### About this task
Word for word, give the data again without its pictures.

### Data segment
□ □ □ □

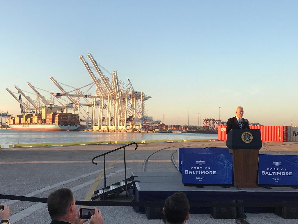 巴爾的摩港發布的背景圖,放大後可見“上海振華” 據《巴爾的摩太陽報》(The Baltimore Sun)11月10日報道,拜登當天於日落時分,在巴爾的摩港的敦達克海運碼頭(Dundalk Marine Terminal)開始演講。 “背景中隱約可見,用於從鄰近的西格特海運碼頭貨輪上吊起集裝箱的巨型起重機。附近卡車大小的集裝箱上,懸掛著紅、白、藍三色的旗幟。”報道中如是說道。 面對總統的到訪,巴爾的摩港的官方推特早早從11月8日起就放出了預告,以及演講的被進入。港口負責人多伊爾說:“我們期待並歡迎總統拜登於周三(10日)前往巴爾的摩港周三前往PoB考察正在進行的泊位項目、新的超大型起重機、已完成的疏浚作業,並討論未來將受益於兩黨基礎設施協議的項目。”
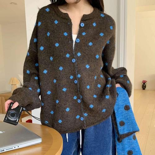 폴카 도트 니트 가디건 여성 봄, 가을 새로운 스타일 레이어드 디자인 센스 다재다능한 슬리밍 긴팔 탑
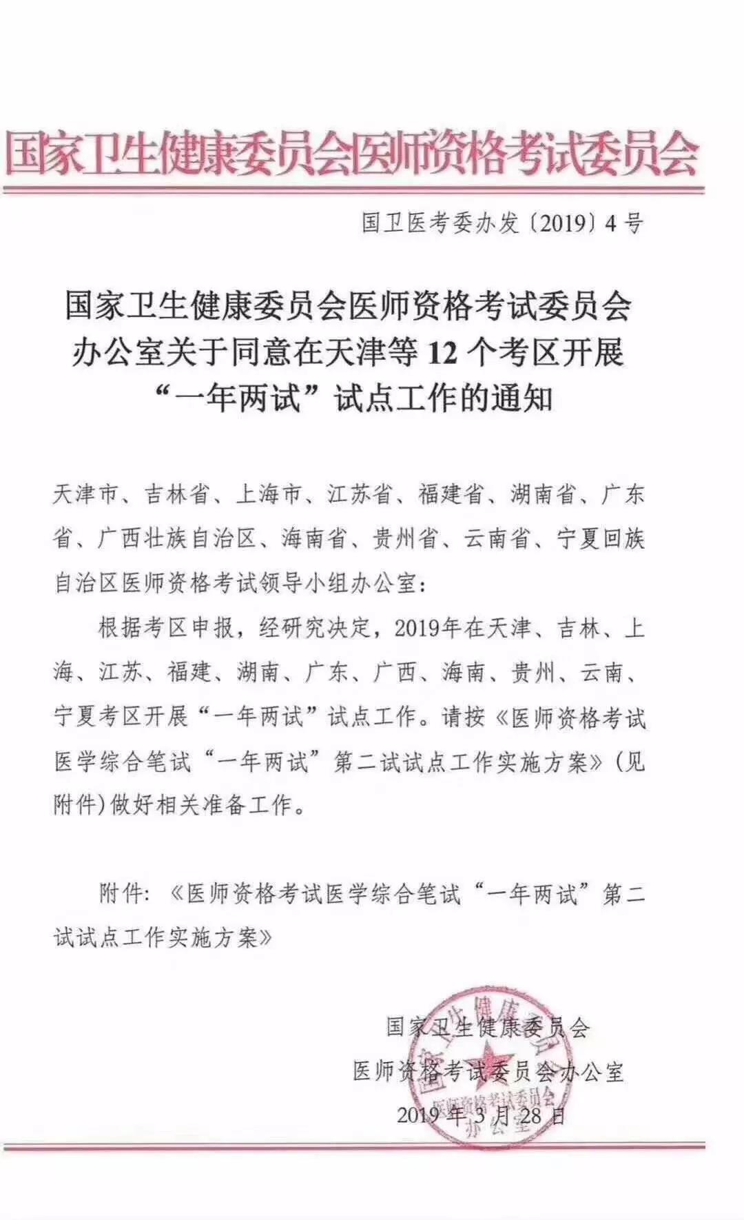 2019執(zhí)業(yè)(助理)醫(yī)師考試“一年兩試”試點地區(qū)匯總

□ □ □ □

### Result of the exercise
 巴爾的摩港發布的背景圖,放大後可見“上海振華” 據《巴爾的摩太陽報》(The Baltimore Sun)11月10日報道,拜登當天於日落時分,在巴爾的摩港的敦達克海運碼頭(Dundalk Marine Terminal)開始演講。 “背景中隱約可見,用於從鄰近的西格特海運碼頭貨輪上吊起集裝箱的巨型起重機。附近卡車大小的集裝箱上,懸掛著紅、白、藍三色的旗幟。”報道中如是說道。 面對總統的到訪,巴爾的摩港的官方推特早早從11月8日起就放出了預告,以及演講的被進入。港口負責人多伊爾說:“我們期待並歡迎總統拜登於周三(10日)前往巴爾的摩港周三前往PoB考察正在進行的泊位項目、新的超大型起重機、已完成的疏浚作業,並討論未來將受益於兩黨基礎設施協議的項目。”
 폴카 도트 니트 가디건 여성 봄, 가을 새로운 스타일 레이어드 디자인 센스 다재다능한 슬리밍 긴팔 탑
 2019執(zhí)業(yè)(助理)醫(yī)師考試“一年兩試”試點地區(qū)匯總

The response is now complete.